Caleb Scharf said...

Right. Now it may be that although protein coding is still diverging on Earth that all the functional structures have been 'found' - i.e. at this point the changes are just meanderings around the various solutions. On the other hand I think Conway-Morris's idea rests on the protein universe reaching a steady state (to use that analogy) - which it doesn't seem to have done on Earth, after 3.5 Gyrs, which seems to allow for the possibility of further diversity.

Eniac said...

There are roughly 20^N possible amino acid sequences of length N (or smaller). This is a VERY large number, and a random walk through them will for all practical purposes never cover an appreciable fraction. Even if you/they were right and 98% of changes are forbidden in all proteins (Doesn't sound right to me), it would still be (20^N)/50, with identical conclusions. 3.5 Gyr is nothing in comparison. Not even ven billions of billions of organisms on billions of billions of planets can take a bite out of that number.

Thus, I think the "finding" you describe could not have come out any different, and I wonder if it is really Nature-worthy. Perhaps I misunderstand?

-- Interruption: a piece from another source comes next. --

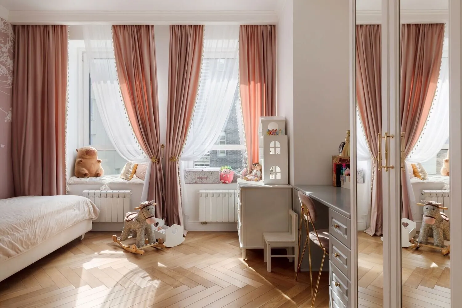 La habitación de las niñas está decorada con tonos suaves rosados. Aquí hay dos camas, un gran escritorio y espacios de almacenamiento. Para el hijo se creó un espacio acogedor con cama, sofá y escritorio. Todo es simple: se puede trabajar con productividad y descansar cómodamente.

Also, convergent evolution is more of a phenomenon than a "notion". It is real and has been observed many times (see http://en.wikipedia.org/wiki/List_of_examples_of_convergent_evolution). I did not find your definition as "the idea that there are a limited number of molecular or physiological solutions that life can use" in the Wikipedia page you reference, and it strikes me as not completely accurate.

Caleb Scharf said...

Right, as you point out the possible combinations are huge. However I think the point is that natural selection does much, much better than a random walk at finding 'solutions' for sequences that end up folding into the right type of protein structure to accomplish useful/critical biological tasks. The assumption has been that 'ancient' protein codes- shared by organisms - get locked down after a couple billion years of evolution, so this finding in the Nature paper that they are in fact still 'diverging' (i.e. changing between diverse species) is surprising.

I guess my interpretation of convergent evolution is along the Conway-Morris lines - i.e. that the *reason* many entirely different species end up looking similar, or using similar biochemical or physiological strategies is that there really is a deep limit to how many workable solutions there are for biological molecular functions. This is therefore predicated on the idea that these solutions are stable and found - protein divergence (as in the Nature paper) indicates that at best even on the Earth this point hasn't yet been reached, hence I would say that evolution has *not* yet 'converged' here - which begs the question of how much longer it will take...

Eniac said...

You have many good points. I disagree, though, that protein _sequence_ divergence (as in the Nature paper) says anything about how completely functional space has been explored. In my opinion it only shows that there are (practically infinitely) many sequences for a given function, and we knew that already.

Evidence that the functional space has not been fully explored is the absence in biology of wheels, electric motors, nuclear power, and many other things that required our intellect rather than evolution to come into being.

protein said...

Have any of you ever read anything by Richard Dawkins?